Hi @pongyuenlam
First of thank you for putting efforts from your side to understanding what you are trying to learn. It feels great as a mentor when we come across learners who also put sincere effort. Once you complete NLP, do complete the Deep Learning Specialisation. Believe me you will not regret.
Now comes to your code, I will go step wise.
-
after calculate self attention for block 1(codes were correct for that), you had to apply layer normalization (layernorm1) to the sum of the attention output and the input
You used correct self.layer recall but there are two mistake, you didn’t required to use tf.add and second mistake use the simple method of addition to sum attention output and x but you have used ((mult_attn_out1, x) -
Read the instruction for applying layer normalisation here you had to apply layer normalization to the sum of the attention output and the output of the first block but you have basically summed up attention output1 and attention output2 which is incorrect here.

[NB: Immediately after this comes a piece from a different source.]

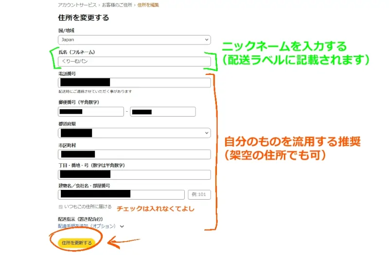 手順を詳しく書いてると本題に入るのが長くなっちゃうので、あまりよく知らない方は過去記事を読んでください。ニックネーム版の請求先住所の作り方と要点が書かれています。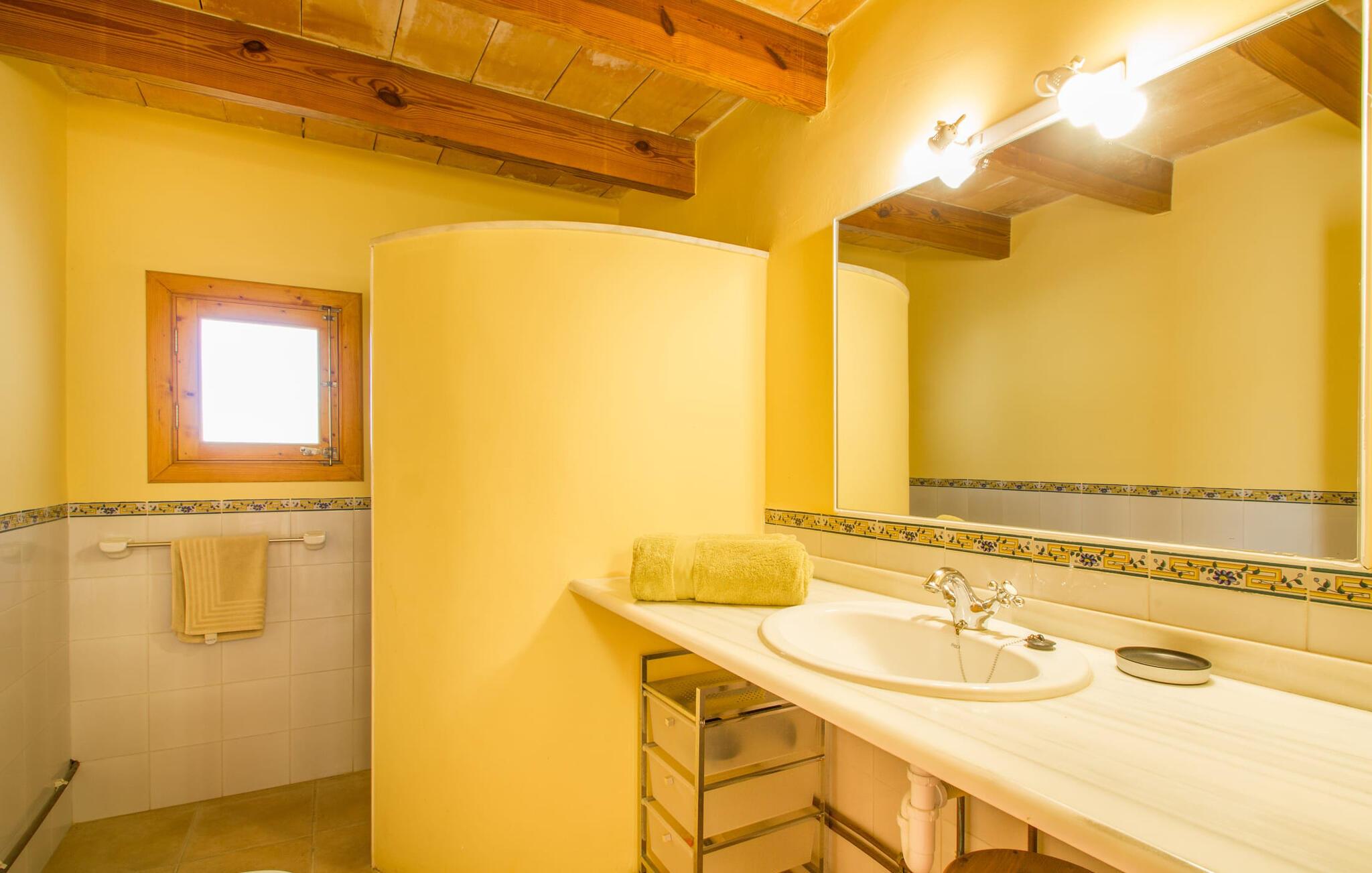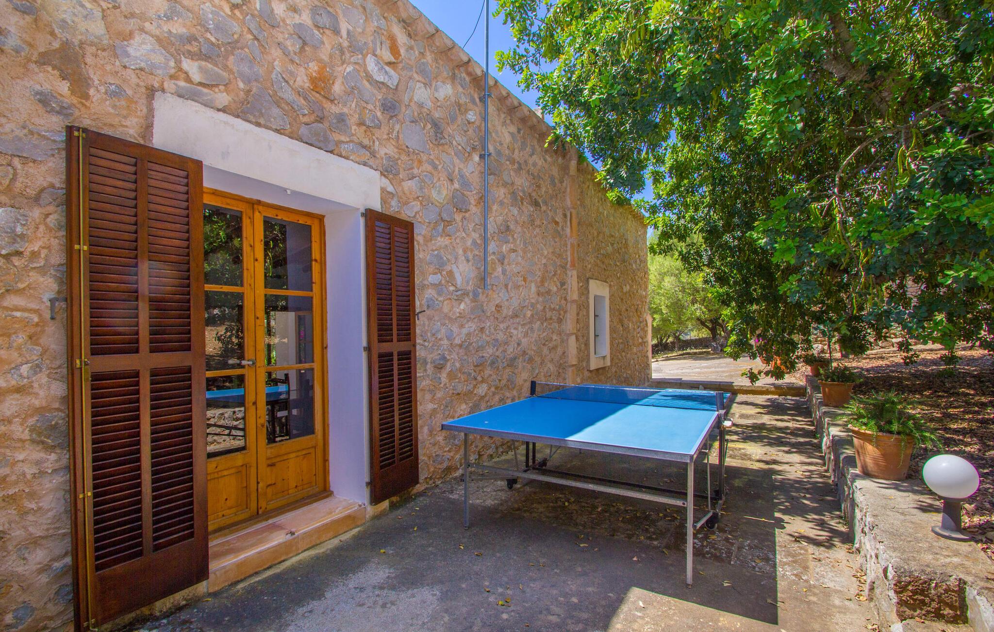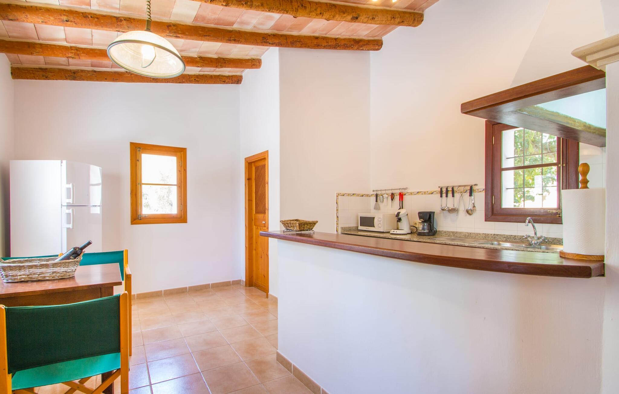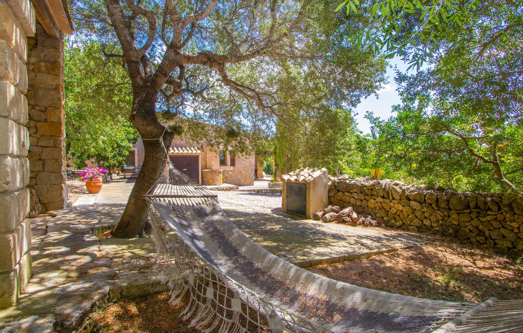 Den lille charmerende villa "Son Barbot de Can Robi Nou" ligger på en 70.000 m² stor grund, der er helt indhegnet. En pool lige ved siden af huset sikrer en afslappende familieferie, men også en stor loungesofa på den overdækkede terrasse, en hængekøje til afslapning og et bordtennisbord. Uanset om det er endeløs badesjov i den 7 x 5 m store pool med udendørs bruser eller slapper af i solen på en af de komfortable liggestole - her kommer I med garanti i feriestemning. Særlig smuk er den vide udsigt over de bølgende bakker og brede marker i det maleriske landskab helt ud til havet; Om aftenen bader den nedgående sol omgivelserne i et magisk lys. I kan tilberede lækre lækkerier på en BBQ, som I kan spise sammen ved det store spisebord på terrassen. Hele haven er en oase af afslapning: Gamle træer og ejendommens mangfoldige, farverige planter gør jeres villa til et sted, hvor I kan slappe af. Villaen, der er bygget helt i ét plan, strækker sig over 124 m² boligareal. Det lyse, åbne opholds- og spiseområde er indrettet i rustik mallorcansk stil: varme farver, masser af træ og moderne kunst på væggene - med stor sans for detaljer har nogen skabt et tilflugtssted for at byde deres besøgende velkommen. Et fuldt udstyret køkken med ovn, keramisk kogeplade, vaskemaskine, opvaskemaskine, elkedel, kaffemaskine, brødrister og mikroovn byder på alt, hvad I behøver for straks at føle jer hjemme. I kan sidde i en behagelig sofa ved den åbne pejs; Et stort spisebord udgør midten af rummet. Hvert af de to soveværelser med aircondition har sit eget badeværelse, hvoraf det ene er en-suite og tilgængeligt via en lille trappe. Det ene soveværelse har en 1,80 x 2,00 m dobbeltseng, det andet værelse har to enkeltsenge. De moderne, dagslysfyldte badeværelser er udstyret med rummelige håndvaske og store spejle. Der er også et brusekabine eller brusebad. Huset har et pengeskab til jeres værdigenstande. Placeringen af denne bolig er perfekt for feriegæster, der ønsker at udforske de mange facetter af øen væk fra masseturismen. Beliggende nær den lille by Sant Llorenc des Cardassar, er villaen idyllisk omgivet af olivenlunde, figentræer, dværgpalmer og rosmarinbuske: vi er beliggende i en frugtbar slette i Llevant-bjergene, som strækker sig over den østlige del af øen . Området omkring jeres villa byder på fantastiske muligheder for vandreture, cykling, golf og vandsport. Den gode forbindelse til det mallorcanske vejnet muliggør korte afstande til kystbyernes smukke strande og maleriske bugter. Udforsk for eksempel den fantastiske Cala Romantica, Cala Varques omgivet af klipper eller den fine sandstrand ved Costa dels Pins. Der er talrige shoppingmuligheder i de nærliggende byer Artà og Manacor. I Sant Llorenc er restauranten Es Pati blevet et mødested for gourmeter. Hver torsdag er der et lille gastromarked i byen. Et besøg i havnen i Porto Cristo kan også varmt anbefales. Dette er Mallorca for feinschmeckere! Uden for den slagne vej ligger denne lille perle nær den drømmende by Sant Llorenç des Cardassar på den østlige del af øen. I en landlig beliggenhed, men perfekt forbundet med transportnettet, kan I udforske de mange smukke strande og bugter på østkysten fra jeres villa. Fordyb jer i den mallorcanske livsstil og oplev de historiske byer Artà og Manacor med deres farverige markeder, udsøgte butikker og caféer, som bestemt er et besøg værd.

Also the same mistake mentioned in point 1, not to use tf.add and use the addition operator to add the mult_attn_out2 and Q1 which is the output of the first block.
-
BLOCK3. Next instruction mentioned was pass the output of the second block through a ffn, but added a padding mask to the block3 which was not required here.
-
next the code instruction mentions
apply a dropout layer to the ffn output
usetraining=training
But you missed adding training=training while applying dropout layer to the fun output -
Again to apply layer normalization (layernorm3) to the sum of the ffn output and the output of the second block, please remove the tf.add and use addition operator to the mentioned output in instruction which you chose correctly.
Regards
DP